I have a problem. In the picture below the Service (1.) looks to see if the player has invalidated the cover the agent is currently in. It does this fine using a tick. This flips the state that the decorators at 3. use to decide which branch to progress down.
The problem is is that, unlike a traditional behavior tree where this pattern would work fine, with ue4’s implementation control doesn’t return to the selector at 4. until the sequence (2.) has finished.
I need to be able to interrupt the AI on many different events and instantly switch to another branch. I’m sure there is a way and I’m just not used to this paradigm yet. How would I do this?
I’m thinking I probably need to send a message to the tree to re-evaluate from the root as soon as the service detects the invalid state, just trying to figure out how now.
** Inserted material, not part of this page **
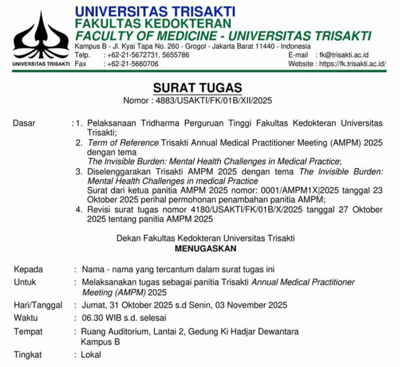 Surat tugas sebagai panitia kegiatan AMPM FK USAKTI 2025
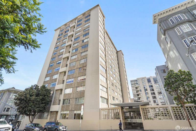 Rarely available 12th-floor studio in Pine Terrace, offering downtown views, great natural light, smart design, and true quiet living in a solid concrete building at the junction of Nob Hill and Downtown at Pine & Taylor. This thoughtfully designed home features real hardwood floors, a chef's kitchen with bar seating, a queen-size wall-bed system, a large custom walk-in closet, and additional built-in storage that make the space live larger than expected. An upgraded double-pane window frames a city outlook while improving comfort and sound insulation. Deeded parking and dedicated storage are included in this 99 Walk Score, transit-rich location surrounded by restaurants, shops, theaters, parks, and everyday conveniences. Pine Terrace is a pet-friendly high-rise with lobby security. A unique opportunity to own a high-floor, turnkey residence in one of the city's classic buildings.

So the answer to this is to mark the decorators at 3. to abort their current sub-tree when the condition they are watching changes.
Like this:
This way when the Service changes the value of the state, the decorator will re-evaluate and fail. This is actually a really nice pattern because it means you only re-run what you need to.
This event-driven approach is one of the things unique to UE4’s implementation of Behavior Trees. I’m really glad you find it useful and I’m sorry we’re not emphasizing this pattern enough in the documentation.
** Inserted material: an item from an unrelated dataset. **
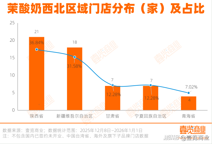 在西北區(qū)域,新疆與陜西一起占據(jù)了近七成市場(chǎng),青海是區(qū)域內(nèi)門店數(shù)量最少的,只有3家門店。

Not the only part of the documentation that is pathetic, unfortunately. By far not. Many parts lack any kind of explanation, it’s basically telling you “Yes, that field exists. Figure out by yourself what it does.” I repeatedly had the feeling that about 75% of the documentation was done by some apprentice who either had no idea himself, or was too lazy to write the tiniest explanation.
to play the devil’s advocate a little, it is dauntingly vast what they do already, and i suppose their most valued devs will not be tasked with writing the documentation. I think?